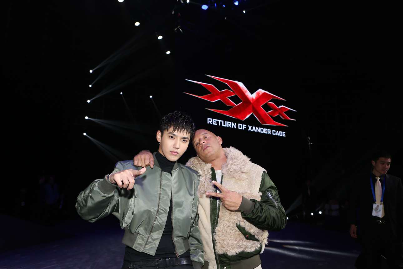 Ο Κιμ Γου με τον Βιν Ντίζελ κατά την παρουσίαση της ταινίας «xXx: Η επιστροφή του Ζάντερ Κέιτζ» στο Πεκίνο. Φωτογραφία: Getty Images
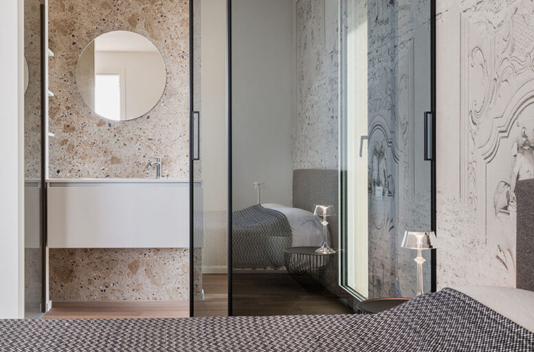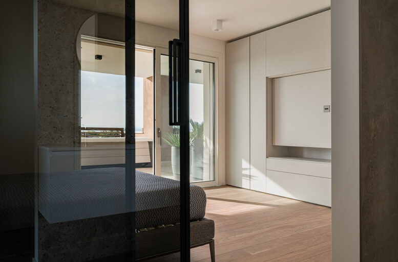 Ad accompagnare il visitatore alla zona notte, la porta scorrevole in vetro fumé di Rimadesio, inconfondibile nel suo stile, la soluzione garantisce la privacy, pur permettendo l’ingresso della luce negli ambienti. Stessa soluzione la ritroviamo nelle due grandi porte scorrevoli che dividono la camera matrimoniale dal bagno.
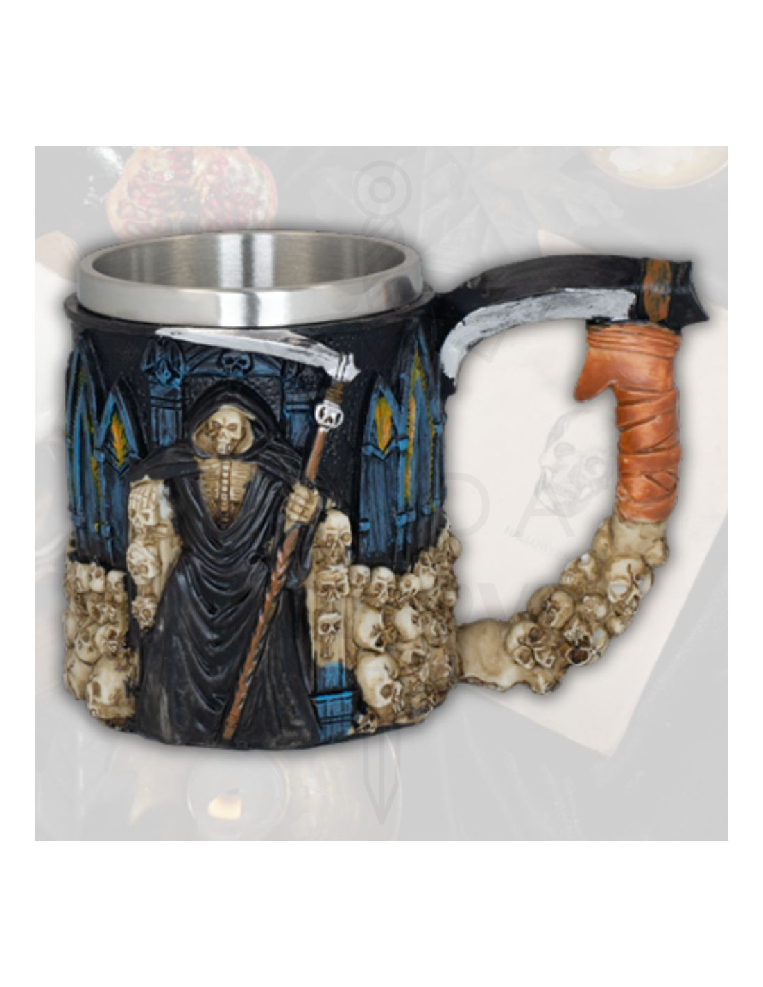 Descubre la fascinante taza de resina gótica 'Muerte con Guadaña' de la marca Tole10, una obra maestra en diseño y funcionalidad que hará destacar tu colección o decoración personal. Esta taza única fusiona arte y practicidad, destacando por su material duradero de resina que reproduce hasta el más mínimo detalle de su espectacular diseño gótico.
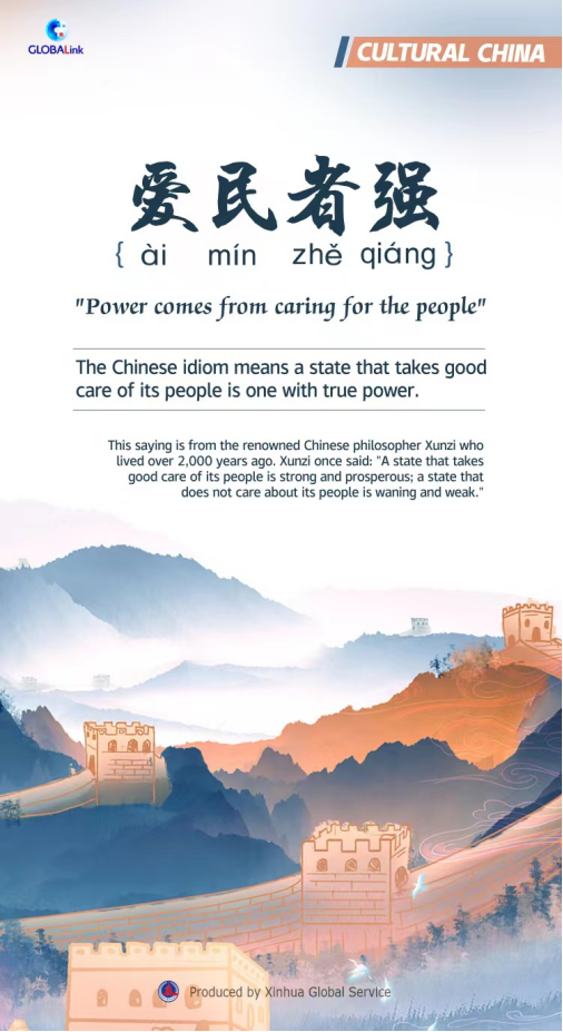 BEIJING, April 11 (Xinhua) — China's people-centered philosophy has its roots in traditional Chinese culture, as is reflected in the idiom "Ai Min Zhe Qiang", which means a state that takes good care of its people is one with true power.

**TASK TO CARRY OUT**
Could the lines from the top of the material through the line with "Descubre la fascinante" be repeated exactly, pictures left out?

**EXERCISE RESULT**
 Ο Κιμ Γου με τον Βιν Ντίζελ κατά την παρουσίαση της ταινίας «xXx: Η επιστροφή του Ζάντερ Κέιτζ» στο Πεκίνο. Φωτογραφία: Getty Images
 Ad accompagnare il visitatore alla zona notte, la porta scorrevole in vetro fumé di Rimadesio, inconfondibile nel suo stile, la soluzione garantisce la privacy, pur permettendo l’ingresso della luce negli ambienti. Stessa soluzione la ritroviamo nelle due grandi porte scorrevoli che dividono la camera matrimoniale dal bagno.
 Descubre la fascinante taza de resina gótica 'Muerte con Guadaña' de la marca Tole10, una obra maestra en diseño y funcionalidad que hará destacar tu colección o decoración personal. Esta taza única fusiona arte y practicidad, destacando por su material duradero de resina que reproduce hasta el más mínimo detalle de su espectacular diseño gótico.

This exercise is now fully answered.